I'm one of those die-hard X58 users, finding nothing attractive to a new system other that SATA 3.0 and a BIOS that would make you boot with PCI-E SSDs. My 6-core 4.5 GHz overclocked CPU will not be a bottleneck but I'm worried about PCI-E 2.0. So far it has not contained my GTX 680, but what will be the case with the GTX 1080? First of all will it work? I know it should be backwardly compatible but don't want any ugly surprises. And if it does, will there be a notable bottleneck? Reviewers don't cover this part out, as they don't properly cover SATA2 performance of modern SSDs either.
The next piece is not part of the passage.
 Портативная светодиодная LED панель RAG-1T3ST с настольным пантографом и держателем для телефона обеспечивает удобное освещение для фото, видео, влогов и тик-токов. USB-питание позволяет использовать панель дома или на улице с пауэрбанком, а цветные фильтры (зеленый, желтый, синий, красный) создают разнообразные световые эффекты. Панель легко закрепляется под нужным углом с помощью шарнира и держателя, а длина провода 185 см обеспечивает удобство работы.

Maybe we, the X58 users are getting kind of outdated.
I'm running a 980Ti. While I can't guarantee It would work, X58 boards are surprisingly compatible when adding newer hardware. SSD speed, top out at ~250 Mb/sec unless you board has an onboard SATA III controller which might get you around 350 Mb/sec but with much higher access latency. Of course our older systems won't utilize the newest top end GPU's as effectively, but the 1080 would still be a major upgrade for you
There is always an bottleneck as long as faster cpu's gives higher fps or lower rendering time How much bottleneck is another question It all depends on the game/program. pci-e 3.0 gives also less overhead and lower latency, which is essential for fast pci-e ssd's. How much performance advantage 3.0 gives VS 2.0 with gtx 1080, I do not know, and mayby only nVidia does.
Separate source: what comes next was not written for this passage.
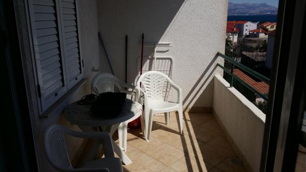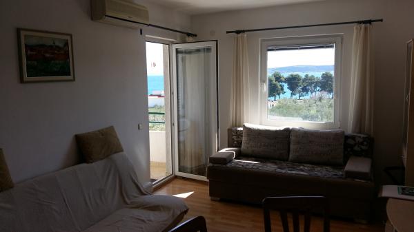 Az apartman a lakóház harmadik emeletén található, Kaštel Štafilić, Bile kerületben, a Resnik közelében. A tengerre néző, gyönyörű kilátás nyílik Kaštela, Split és a közeli szigetek egész öbölére. Az utca végén egy csendes helyen található, így nincs zaj. A 45m2-es apartman előszoba, fürdőszoba, hálószoba, nagy nappali konyhával és loggiával. A hálószobában egy nagyméretű kétszemélyes ággyal, a nappaliban egy nagyméretű kanapé található, amely nagyméretű kétszemélyes ággyal és egy kisebb háromszemélyes ággyal rendelkezik. A konyha teljesen felszerelt, kávéfőző, mosogatógép, sütő. A loggián elektromos grillsütőt lehet használni. Az apartman rendelkezik hajszárítóval, porszívóval, vasalóval. Az éghajlat használata nem kerül kifizetésre.

Depending on the game and resolution you are running, yes, in some scenarios that CPU will be a significant bottleneck.
without lettings us know what games you play and what settings you wanna use nobody can answer your question. your overclocked W3690 is still a very powerfull cpu and will see its golden wedding with dx12 when the developer learn to fully use its 6 cores/12 threads. arma3 720p? yeah.. your cpu will bottleneck. gta v 4k? no cpu bottleneck.. the gtx 1080 will suffer.